Coronavirus Origins | In the Pipeline

submited by
Style Pass
2021-05-27 21:00:07

Derek Lowe's commentary on drug discovery and the pharma industry. An editorially independent blog from the publishers of Science Translational Medicine. All content is Derek’s own, and he does not in any way speak for his employer.

I’m going to regret writing about this, but it’s not a topic to be ignored. Where did the current coronavirus come from?

If you ask that question, you get all sorts of answers from all sorts of people. Let me downgrade some of those right up front. To start at the far end of the fever scale, I do not think that this virus is some sort of deliberately engineered (and/or deliberately released) bioweapon, and I am simply not going to give that theory more time here today. But that still leaves a lot of possibilities open, and I don’t think we have enough evidence yet to sort those others out.

The other end of the scale is that this is a virus that evolved into its present form in an animal host and then made the jump into infecting humans through sheer coincidence and bad luck.

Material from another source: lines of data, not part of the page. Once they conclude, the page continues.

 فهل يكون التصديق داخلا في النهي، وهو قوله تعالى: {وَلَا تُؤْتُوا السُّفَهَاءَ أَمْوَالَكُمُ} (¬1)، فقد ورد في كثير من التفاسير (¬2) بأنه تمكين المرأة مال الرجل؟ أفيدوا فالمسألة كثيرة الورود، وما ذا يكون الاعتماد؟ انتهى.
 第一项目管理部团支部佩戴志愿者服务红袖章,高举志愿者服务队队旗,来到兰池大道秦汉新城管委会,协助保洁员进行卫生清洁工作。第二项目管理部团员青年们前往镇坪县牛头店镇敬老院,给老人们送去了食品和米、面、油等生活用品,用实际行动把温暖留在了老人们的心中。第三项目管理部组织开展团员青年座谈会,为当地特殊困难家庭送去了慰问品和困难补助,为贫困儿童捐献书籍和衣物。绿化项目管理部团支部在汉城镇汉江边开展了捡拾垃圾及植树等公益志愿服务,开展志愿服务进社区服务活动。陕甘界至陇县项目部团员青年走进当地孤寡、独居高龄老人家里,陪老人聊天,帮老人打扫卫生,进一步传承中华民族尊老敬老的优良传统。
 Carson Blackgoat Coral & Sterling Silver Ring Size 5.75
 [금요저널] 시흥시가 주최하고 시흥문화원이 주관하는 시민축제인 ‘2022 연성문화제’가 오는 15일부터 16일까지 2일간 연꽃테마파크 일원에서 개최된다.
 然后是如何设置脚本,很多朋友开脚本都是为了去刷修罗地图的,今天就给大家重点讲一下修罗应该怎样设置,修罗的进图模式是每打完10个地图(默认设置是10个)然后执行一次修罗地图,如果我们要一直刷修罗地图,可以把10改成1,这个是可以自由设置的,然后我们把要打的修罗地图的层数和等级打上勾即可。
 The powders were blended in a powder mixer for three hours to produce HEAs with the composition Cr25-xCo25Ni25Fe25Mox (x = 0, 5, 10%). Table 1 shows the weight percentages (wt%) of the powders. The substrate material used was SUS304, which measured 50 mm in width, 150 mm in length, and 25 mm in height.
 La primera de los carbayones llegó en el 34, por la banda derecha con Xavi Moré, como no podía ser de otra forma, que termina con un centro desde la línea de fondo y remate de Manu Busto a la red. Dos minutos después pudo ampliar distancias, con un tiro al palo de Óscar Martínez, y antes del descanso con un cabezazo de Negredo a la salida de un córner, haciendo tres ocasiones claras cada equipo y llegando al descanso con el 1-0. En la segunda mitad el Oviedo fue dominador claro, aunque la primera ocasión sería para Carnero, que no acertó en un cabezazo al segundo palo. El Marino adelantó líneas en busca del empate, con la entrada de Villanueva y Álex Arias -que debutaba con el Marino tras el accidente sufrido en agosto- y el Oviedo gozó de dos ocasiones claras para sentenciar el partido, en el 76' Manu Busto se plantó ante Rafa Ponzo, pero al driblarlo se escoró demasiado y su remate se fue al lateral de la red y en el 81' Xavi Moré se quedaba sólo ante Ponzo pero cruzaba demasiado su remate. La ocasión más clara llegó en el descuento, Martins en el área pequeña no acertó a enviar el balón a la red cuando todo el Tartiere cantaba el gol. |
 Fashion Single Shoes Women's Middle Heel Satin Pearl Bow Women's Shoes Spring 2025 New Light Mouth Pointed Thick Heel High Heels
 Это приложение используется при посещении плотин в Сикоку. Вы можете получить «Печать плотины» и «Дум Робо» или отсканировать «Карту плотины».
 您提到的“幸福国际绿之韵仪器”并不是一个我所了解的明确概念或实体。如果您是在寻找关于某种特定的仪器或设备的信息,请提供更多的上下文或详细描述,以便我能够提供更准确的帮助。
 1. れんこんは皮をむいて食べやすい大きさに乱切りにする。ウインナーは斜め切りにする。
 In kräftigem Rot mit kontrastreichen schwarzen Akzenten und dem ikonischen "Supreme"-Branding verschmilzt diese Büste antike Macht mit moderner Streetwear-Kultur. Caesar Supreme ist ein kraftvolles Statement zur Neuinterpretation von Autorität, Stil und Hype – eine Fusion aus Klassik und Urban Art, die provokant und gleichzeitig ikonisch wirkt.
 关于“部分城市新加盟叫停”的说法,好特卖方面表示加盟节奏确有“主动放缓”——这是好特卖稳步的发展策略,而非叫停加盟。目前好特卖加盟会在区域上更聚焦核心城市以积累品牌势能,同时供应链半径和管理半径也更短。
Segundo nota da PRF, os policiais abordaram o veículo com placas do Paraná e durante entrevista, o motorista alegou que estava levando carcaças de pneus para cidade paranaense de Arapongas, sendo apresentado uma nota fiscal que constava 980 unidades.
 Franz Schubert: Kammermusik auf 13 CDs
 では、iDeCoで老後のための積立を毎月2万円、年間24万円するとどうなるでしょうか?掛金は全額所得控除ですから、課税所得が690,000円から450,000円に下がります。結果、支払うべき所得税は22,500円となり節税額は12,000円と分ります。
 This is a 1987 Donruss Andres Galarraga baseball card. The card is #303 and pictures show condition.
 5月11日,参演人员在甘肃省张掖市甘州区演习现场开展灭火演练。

That does happen, and it has happened many times throughout history, so that absolutely cannot be ruled out. But there are a lot of possibilities in between those two. As the world knows, there is a research facility in Wuhan that has been studying viruses (including coronaviruses), so we also cannot rule out the possibility of an accidental escape from such a site. And there’s also the possibility that such a virus might then be different from wild-type, depending on what sorts of work was done on it. Viruses most certainly have escaped from research facilities before, and this is not a crazy idea.